When I was younger (I’m 27 now), I was a jerk. I lied, cheated, used drugs, didn’t care about my appearance, had no talent or education, was out of shape. And women ADORED me.

I now have a great job, a wide circle of friends, a fit body, artistic talent and sharp clothes. I’m handsome, honest, sweet, understanding, educated. Now that I’ve gotten my life together, women don’t seem very interested in me at all.

Are women threatened by me? Are they turned off because it’s me fixing me, not them? Do women like jerks?

-John (Maryland)

Dr. Wendy Walsh’s Answer:

Dear John,

I smell something a little fishy.

While you paint a familiar picture of how some women with an anxious attachment style get stimulated by inconsistent bad boys, I am a little skeptical that women are rejecting you because you are now a good guy.

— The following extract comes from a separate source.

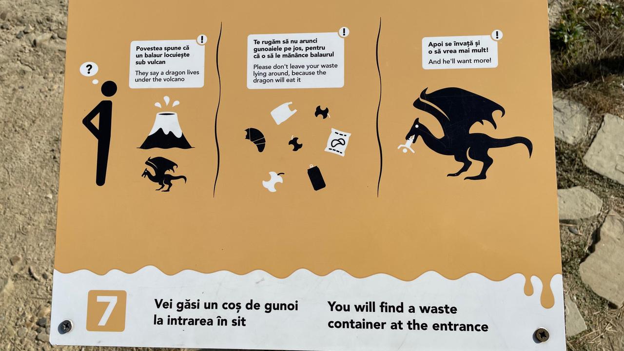 Jedes Areal ist für wenige Euro zu besichtigen. Zu den Pâclele Mici führt vom Parkplatz aus ein Weg, wo in regelmäßigen Abständen Schilder stehen, die eine schöne mystische Geschichte zur Entstehung der Vulkane erzählen. Demnach lebt unter der Erde ein siebenköpfiger Drache. Leider bekommen wir die Geschichte im nachhinein nicht mehr zusammen, fanden es aber sehr schön gemacht.

In fact, I’m even a little skeptical that you could have undergone a personality and moral transformation of such magnitude in such a short period of time.

Granted, kicking a drug habit can certainly change one’s personality, so your story may be entirely true.

Or perhaps you are still in the “working really, really hard to change” phase and are feeling a little resentful that all the character building you have done is going unnoticed.

One easy place to direct that resentment is toward women who are ignoring you.

Please know one of the things that happens when someone cleans up their life and gets a new job is they enter a new peer group, one that might bring some social anxiety.

You’ve stepped up to a new league, young man. Congrats. And there are different social rules in that league.

My suggestion: Wait and watch. Then you’ll know exactly how to act when the right kind of woman comes into your radar.